Episode 8, 2020: Strauss’s Metamorphosen
Wednesday 5 August 2020
The position of Richard Strauss during the Second World War was truly tragic. Already an esteemed composer during his time, he was used by the Nazi Party as a validation of its program. His contrasting political view was compromised by his desire to protect his Jewish family members. The war ended when Strauss was about 80 years old. At this time, he was inconsolable because of his perceived destruction of the German culture brought by the war. Metamorphosen is a play on the word ‘metamorphosis’ whose classical meaning of ‘rebirth’ the great composer inverts to describe how German culture descended to bestiality, of ’man killing man’, through the course of the Second World War.

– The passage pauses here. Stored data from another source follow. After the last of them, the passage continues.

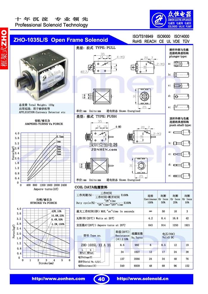 ZHO-1035 用于驗鈔機等直線推拉式電磁鐵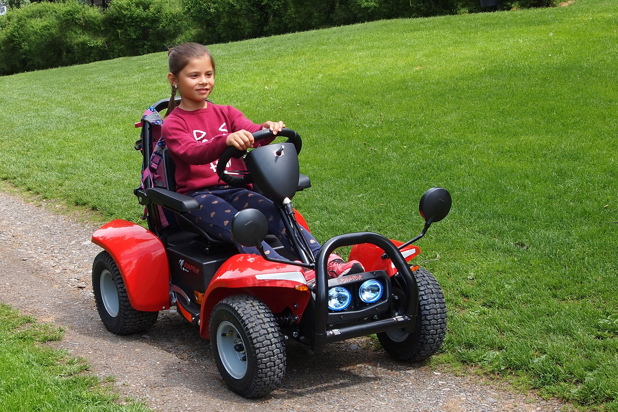 En elektrisk ute-rullestol med manuell styring for deg som er ung og ønsker å henge med vennegjengen. Raptor er det naturlige valget for skole- og fritidsaktiviteter utendørs. Et tøft utseende og gode funksjoner er en god match for lek og tilhørighet.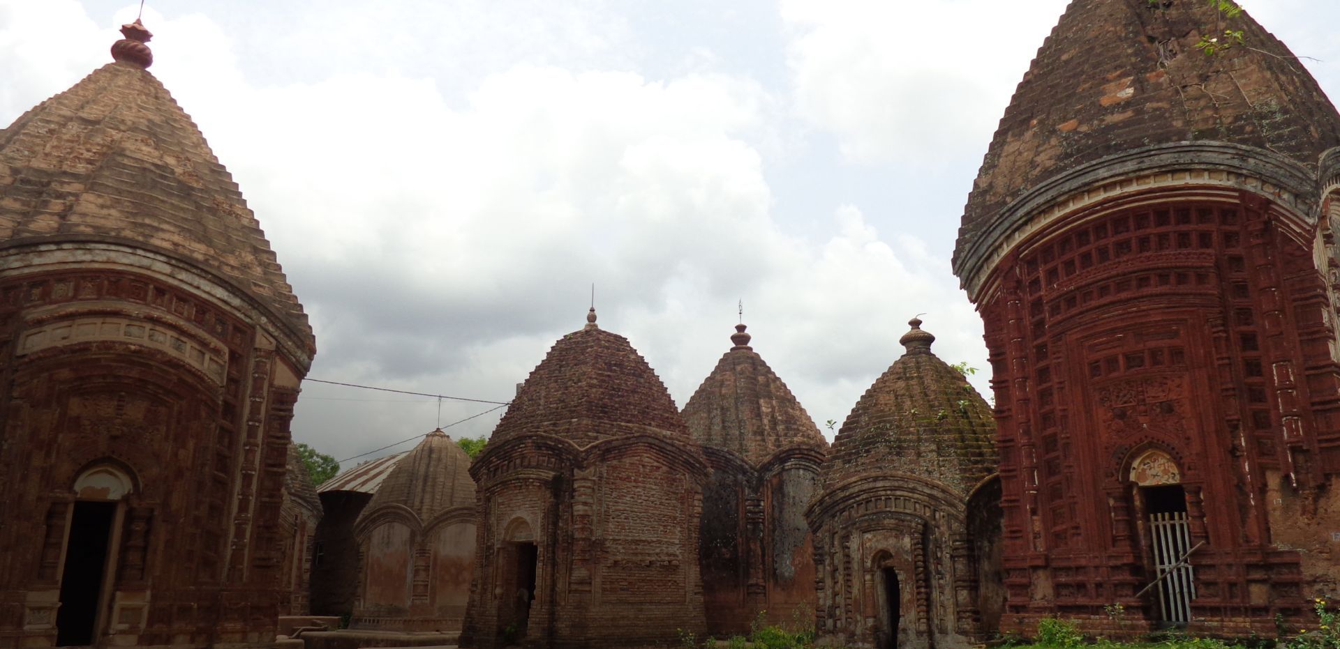 Between the 17th to 19th centuries, the Baj Basanta royal family built a complex of 108 Terracotta temples. The use of terracotta was common in the region as the network of rivers and distributaries here ensured that clay was readily available, while stone was almost absent. Sadly, over the centuries, as the family’s fortunes fluctuated, as many as 36 of these temples collapsed with no money to mend them. Only 72 temples survive today and are in various states of disrepair.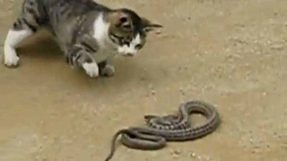 Hits da Web Vídeo flagra combate entre gato e cobra Exibir comentários Compartilhar Felino leva a melhor e aparentemente mata o réptil; não há dados sobre local e data da gravação Reprodução Publicidade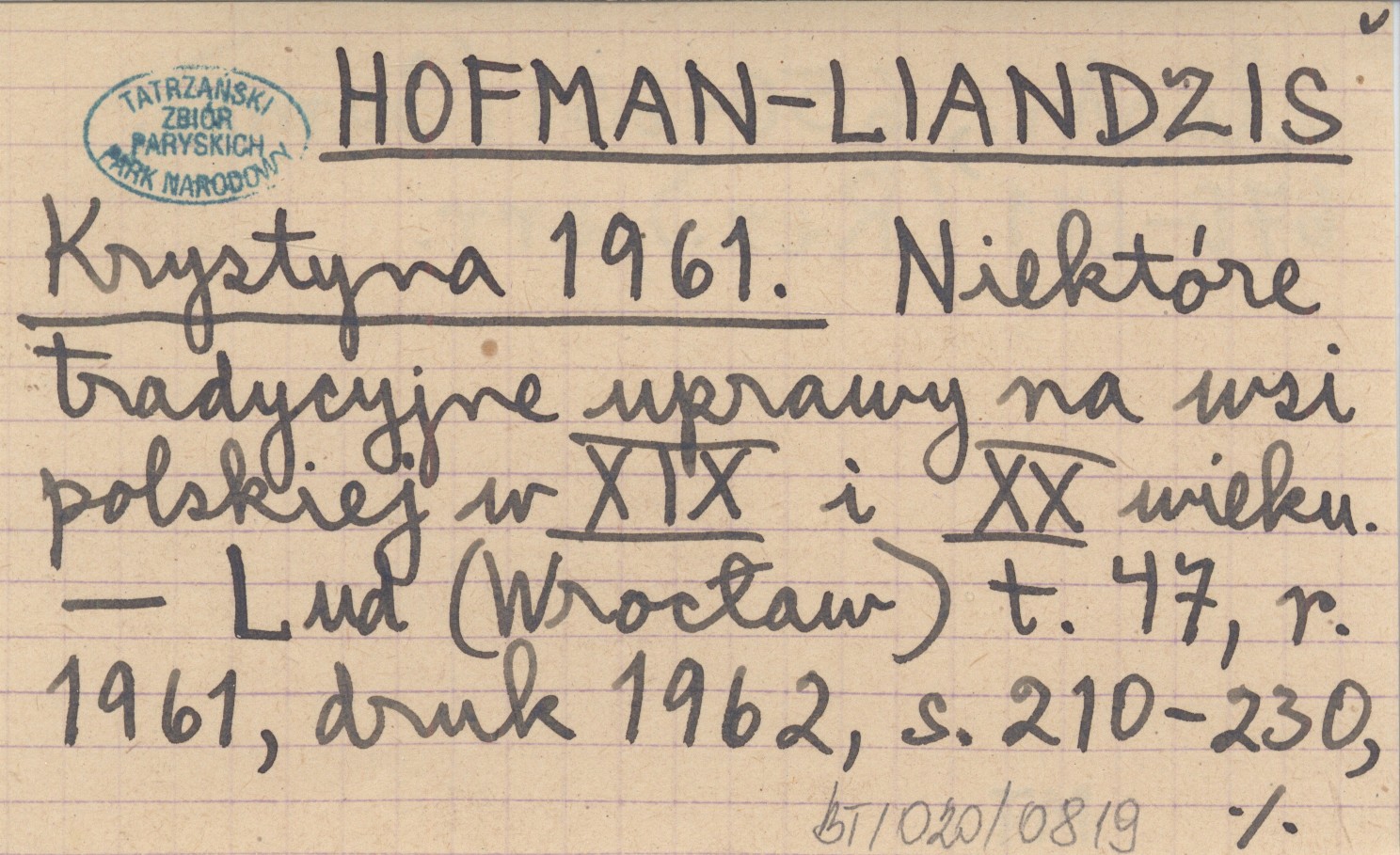 HOFMAN-LIANDZIS Krystyna 1961 Niektóre tradycyjne uprawy na wsi polskiej w XIX i XX wieku.

Laura Barton (violin 2019) chats to Phil Lambert (ANAM Music Librarian) about conducting this masterpiece with ANAM Musicians during her final year at ANAM. For her, Metamorphosen is a complete overview of German culture as seen in Strauss’s perspective – the unbridled joy reached during the piece’s climax, only to come crashing down in the end.
This performance of Strauss’s Metamorphosen is from the 2019 ANAM Soundbite concert that formed part of Laura’s Master of Music thesis that she was concurrently completing at Griffith University while also completing the ANAM Performance Program. It was performed by ANAM string musicians with Laura as the conductor.